▶ _DATA UNDER STUDY_
== Segment start ==

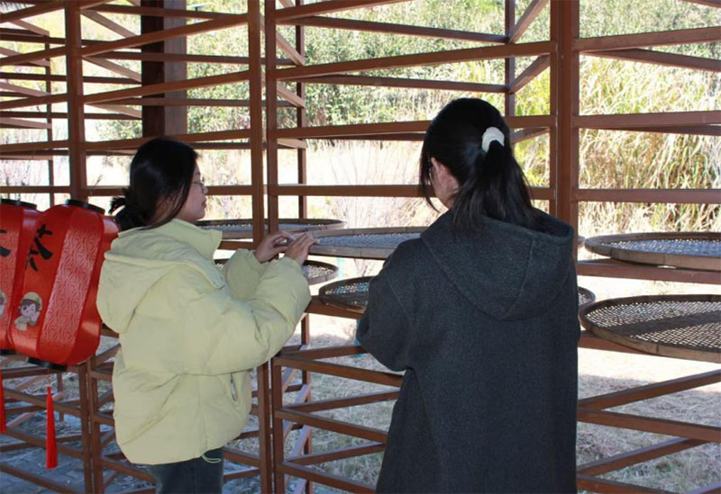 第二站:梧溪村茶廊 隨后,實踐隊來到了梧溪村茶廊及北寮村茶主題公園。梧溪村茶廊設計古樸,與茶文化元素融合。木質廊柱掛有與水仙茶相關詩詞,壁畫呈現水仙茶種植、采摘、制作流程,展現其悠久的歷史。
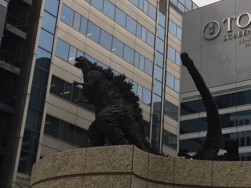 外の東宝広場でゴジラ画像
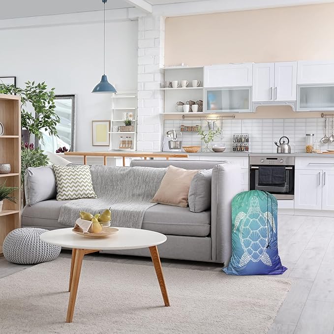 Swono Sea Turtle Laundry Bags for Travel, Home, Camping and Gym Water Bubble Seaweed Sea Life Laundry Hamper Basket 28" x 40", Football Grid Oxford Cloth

== Segment end ==
== Segment start ==

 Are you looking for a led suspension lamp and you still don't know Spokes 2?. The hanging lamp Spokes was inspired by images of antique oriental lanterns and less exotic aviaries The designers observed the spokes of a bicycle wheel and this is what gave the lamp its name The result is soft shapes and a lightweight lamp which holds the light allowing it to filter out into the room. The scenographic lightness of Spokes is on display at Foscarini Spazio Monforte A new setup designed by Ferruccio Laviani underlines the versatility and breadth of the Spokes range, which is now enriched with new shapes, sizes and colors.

== Segment end ==
== Segment start ==

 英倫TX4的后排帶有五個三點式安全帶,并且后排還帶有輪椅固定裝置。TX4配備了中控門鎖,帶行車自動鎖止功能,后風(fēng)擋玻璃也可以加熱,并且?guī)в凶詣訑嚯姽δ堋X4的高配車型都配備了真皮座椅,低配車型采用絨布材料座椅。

== Segment end ==

▶ _PROBLEM REQUIREMENTS_
I'd like the lines above repeated exactly, from the one that contains "第二站:梧溪村茶廊 隨后,實" through the one that contains "Swono Sea Turtle", with no pictures.

▶ _EXPECTED OUTPUT_
 第二站:梧溪村茶廊 隨后,實踐隊來到了梧溪村茶廊及北寮村茶主題公園。梧溪村茶廊設計古樸,與茶文化元素融合。木質廊柱掛有與水仙茶相關詩詞,壁畫呈現水仙茶種植、采摘、制作流程,展現其悠久的歷史。
 外の東宝広場でゴジラ画像
 Swono Sea Turtle Laundry Bags for Travel, Home, Camping and Gym Water Bubble Seaweed Sea Life Laundry Hamper Basket 28" x 40", Football Grid Oxford Cloth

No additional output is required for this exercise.